The stock was listed at ₹100, a 11.1% premium to its IPO price of ₹90 on 28 May 2025, and has since increased by 60% to ₹160.
The rise has been supported by its valuation gap compared to peers, ongoing capacity expansion, and the company’s guidance to double revenue by FY27.
Higher content-per-vehicle and strong financial growth have also shaped the sentiment.

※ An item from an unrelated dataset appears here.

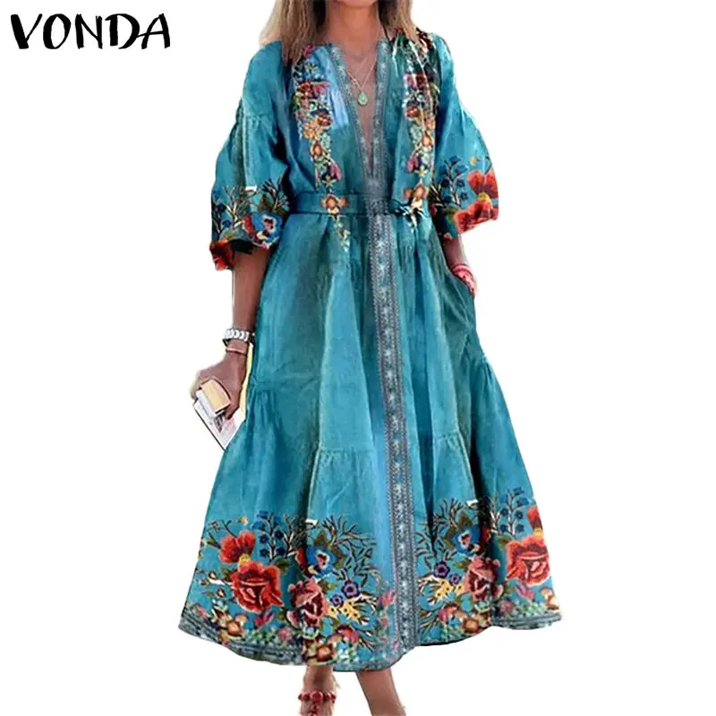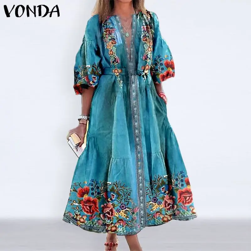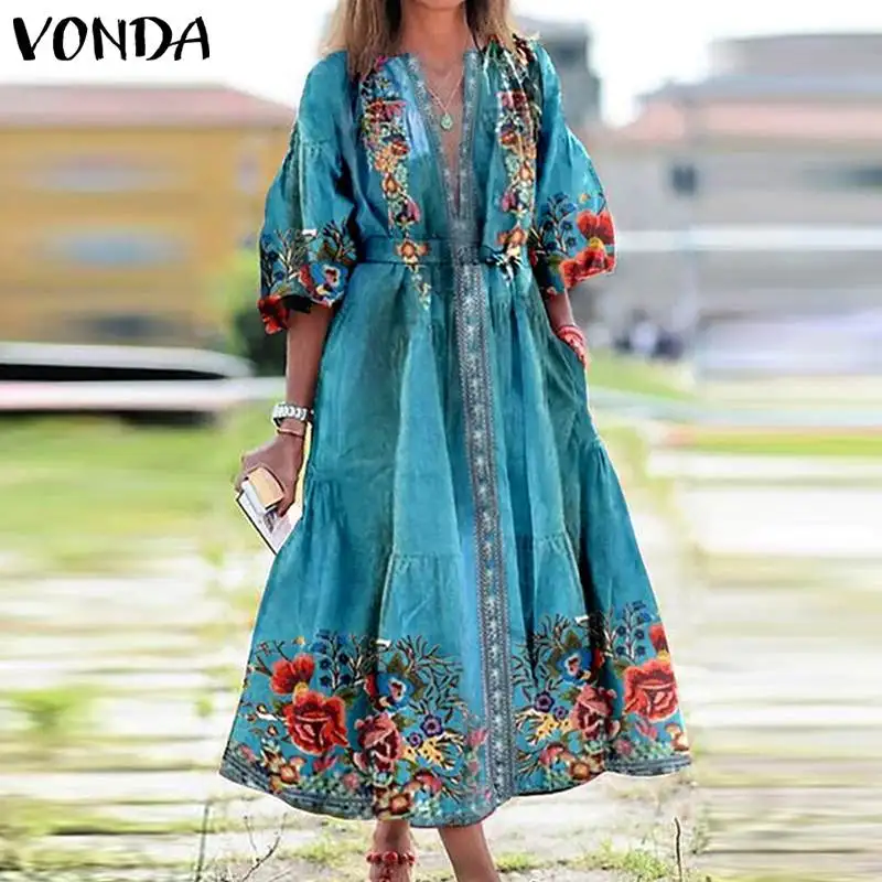 Осеннее платье-макси 2021 VONDA, винтажное пляжное платье с длинным...

But, even after the recent move, Belrise continues to trade at a discount to peers, which keeps the debate open on whether the stock still offers room for further re-rating.
To gain a better understanding, let’s examine Belrise’s business model, financial performance, and how its valuation compares to that of its competitors, such as Minda Corp., Uno Minda and Endurance Tech.

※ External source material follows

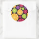 Stickers had a glossy finish which gave them a very professional look. The colour is perfect. And they are the exact size of my lip balm lids. Printing is crisp and clear. Will definitely be ordering again.

A powertrain agnostic business model
Belrise manufactures safety-critical systems and engineering solutions for two-wheelers (2W), three-wheelers (3W), four-wheelers (4W), as well as commercial and agricultural vehicles.
Its products are suitable for both electric and internal combustion engine (ICE) vehicles, and this flexibility positions the company favorably to adapt to shifts in the industry.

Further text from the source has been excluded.